“The purpose of studying history should be, not only about avoiding past mistakes, but also about reproducing past victories.”
Growing up, my parents kept me interested in history. Some of my happiest childhood memories are of watching documentaries like “Eyes on the Prize” and traveling through Seneca Falls, New York to visit the Women’s History Museum. I have also enjoyed several outstanding history teachers in school. Although I was fortunate in both my upbringing and education, history was never my favorite subject – that is, not until this year’s National History Day competition, when I learned that history was made by real people and not “historical figures.” Digging through dusty primary sources was cool, but meeting, interviewing, and learning the experiences of incredible women like Congresswoman Patricia Schroeder, Justice Ruth Abrams, and Justice Ruth Bader Ginsburg have been some of the most transformative moments of my life and have cemented my love of history.
Which period of history currently interests you the most? Why?
I like learning about all historical periods. If I had to pick, though, I would choose the Civil Rights and Women’s Rights movements of the 20th century. I marvel at the fact that so many people and disadvantaged groups mobilized for action and meaningful change. I want to understand the forces that drove thousands to march, to protest, and to face violent backlash unflinchingly. Perhaps because our society seems unwilling to confront tomorrow’s most significant challenges, I am eager to learn lessons about yesterday’s most breathtaking achievements. The purpose of studying history should be, not only about avoiding past mistakes, but also about reproducing past victories.
What do you see yourself doing in the future?

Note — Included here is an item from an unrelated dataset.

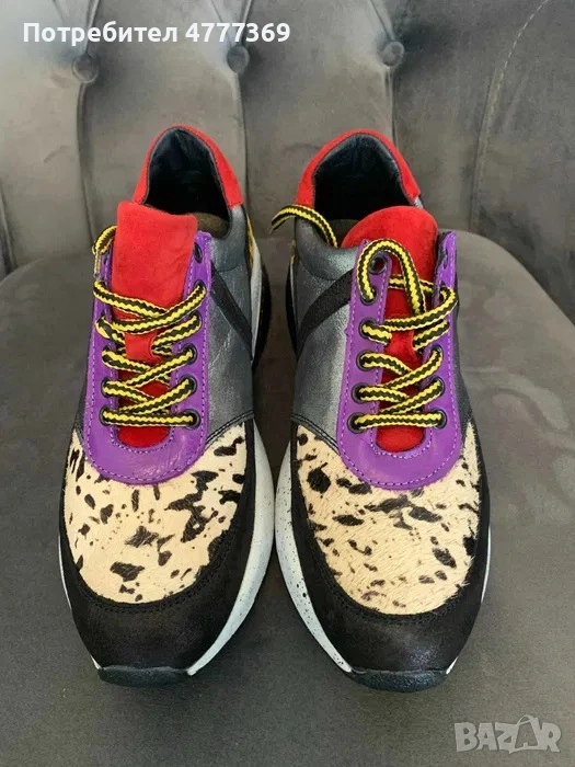 Маратонки естествена кожа с интересен принт и шарки

At the risk of sounding immodest, I hope to someday to lead people to make our country and world a more equal, just, and harmonious place. In a conversation I had with former-congresswoman Patricia Schroeder (as part of my NHD research), she expressed concern about the lack of female representation in politics: “girls just don’t want to run.” That statement coupled with her encouragement to “take the world” and the example set by her and other women of her generation instilled in me a desire to become a policymaker. My NHD research also reinforced my relatively short-term goal of attending to Harvard Law School and seeing where that takes me. That said, I’m still in high school and realize that my aspirations and plans could change dramatically.
Is there anything else you would like us to know?
My National History Day paper argued that experience of the first generation of Harvard Law School women in the 1950’s gave them both a golden credential and, because of intense discrimination, a newfound sensitivity to and frustration with sexist policies and attitudes. In short, three years at Harvard turned them into superb lawyers and serious feminists. They were therefore well placed—both willing and able—to lead the legal and political portions of the emerging women’s liberation movement. And lead they did, eventually helping to change the law and position of all American women.